§ **EXERCISE INSTRUCTIONS**
When you reach the line containing "ペットボトルやお菓子の空き箱、卵の容器など様々なものが集まりました。", start transcribing exactly and continue through the last line of the data, skipping every picture.
┌─ INFORMATION
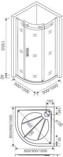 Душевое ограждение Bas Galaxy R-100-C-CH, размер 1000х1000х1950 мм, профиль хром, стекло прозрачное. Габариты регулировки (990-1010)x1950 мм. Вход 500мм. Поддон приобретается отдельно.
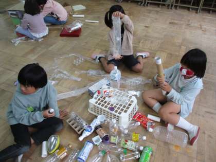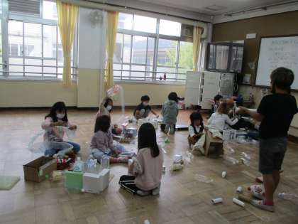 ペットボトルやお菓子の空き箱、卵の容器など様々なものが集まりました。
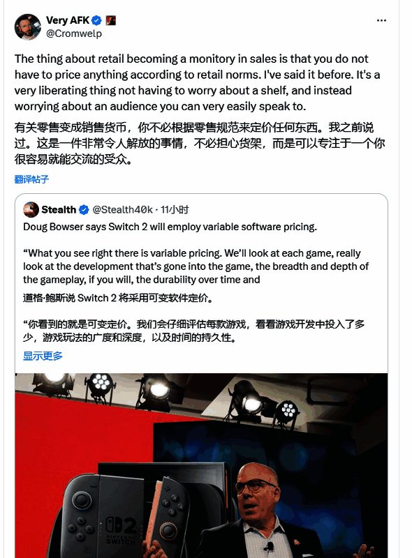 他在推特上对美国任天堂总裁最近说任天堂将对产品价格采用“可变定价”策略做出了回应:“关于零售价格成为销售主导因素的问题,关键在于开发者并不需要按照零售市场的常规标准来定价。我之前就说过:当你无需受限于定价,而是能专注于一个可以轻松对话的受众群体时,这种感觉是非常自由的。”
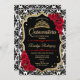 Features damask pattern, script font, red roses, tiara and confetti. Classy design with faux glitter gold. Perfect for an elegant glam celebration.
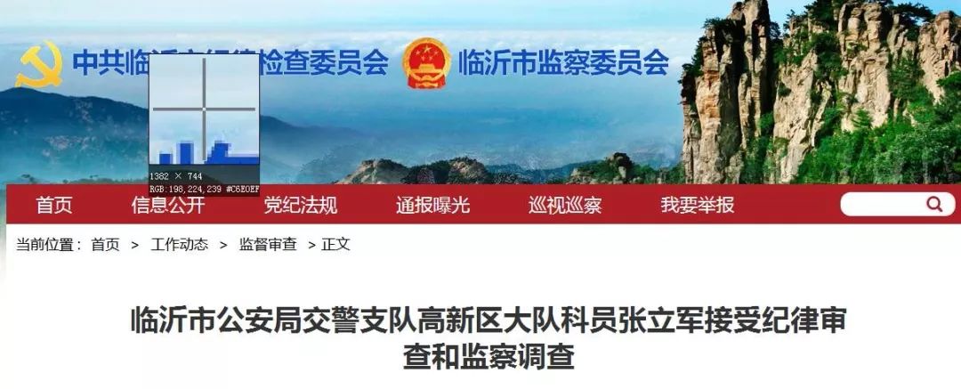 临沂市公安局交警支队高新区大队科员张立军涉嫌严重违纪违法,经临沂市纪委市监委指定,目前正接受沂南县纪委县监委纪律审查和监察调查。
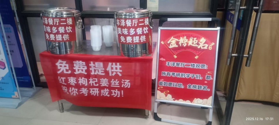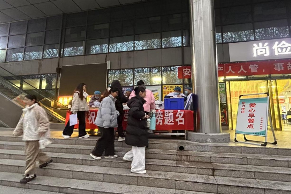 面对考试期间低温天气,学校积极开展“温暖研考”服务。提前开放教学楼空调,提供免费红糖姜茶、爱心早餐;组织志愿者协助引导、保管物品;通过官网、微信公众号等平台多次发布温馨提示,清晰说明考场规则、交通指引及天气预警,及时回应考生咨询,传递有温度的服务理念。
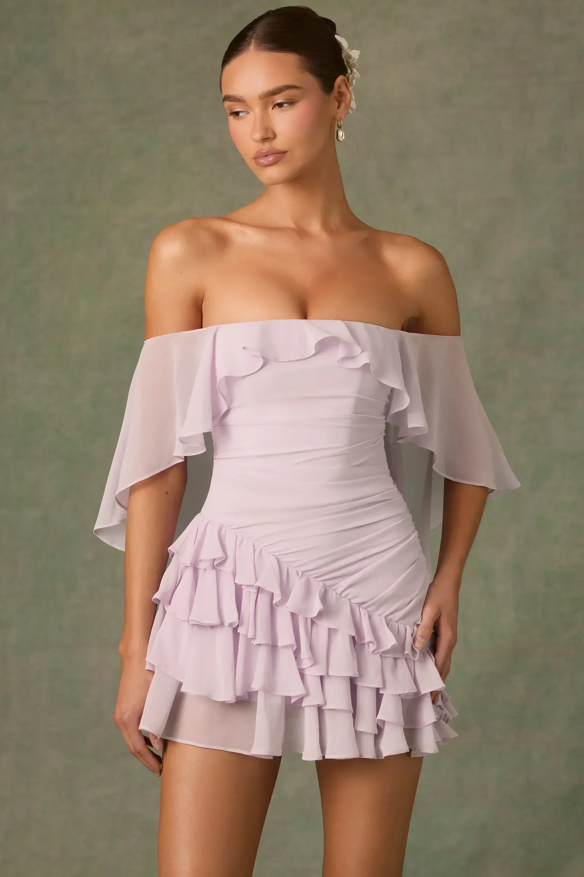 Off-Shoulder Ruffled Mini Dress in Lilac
└─
§ **ANSWER FOR THE TASK**
 ペットボトルやお菓子の空き箱、卵の容器など様々なものが集まりました。
 他在推特上对美国任天堂总裁最近说任天堂将对产品价格采用“可变定价”策略做出了回应:“关于零售价格成为销售主导因素的问题,关键在于开发者并不需要按照零售市场的常规标准来定价。我之前就说过:当你无需受限于定价,而是能专注于一个可以轻松对话的受众群体时,这种感觉是非常自由的。”
 Features damask pattern, script font, red roses, tiara and confetti. Classy design with faux glitter gold. Perfect for an elegant glam celebration.
 临沂市公安局交警支队高新区大队科员张立军涉嫌严重违纪违法,经临沂市纪委市监委指定,目前正接受沂南县纪委县监委纪律审查和监察调查。
 面对考试期间低温天气,学校积极开展“温暖研考”服务。提前开放教学楼空调,提供免费红糖姜茶、爱心早餐;组织志愿者协助引导、保管物品;通过官网、微信公众号等平台多次发布温馨提示,清晰说明考场规则、交通指引及天气预警,及时回应考生咨询,传递有温度的服务理念。
 Off-Shoulder Ruffled Mini Dress in Lilac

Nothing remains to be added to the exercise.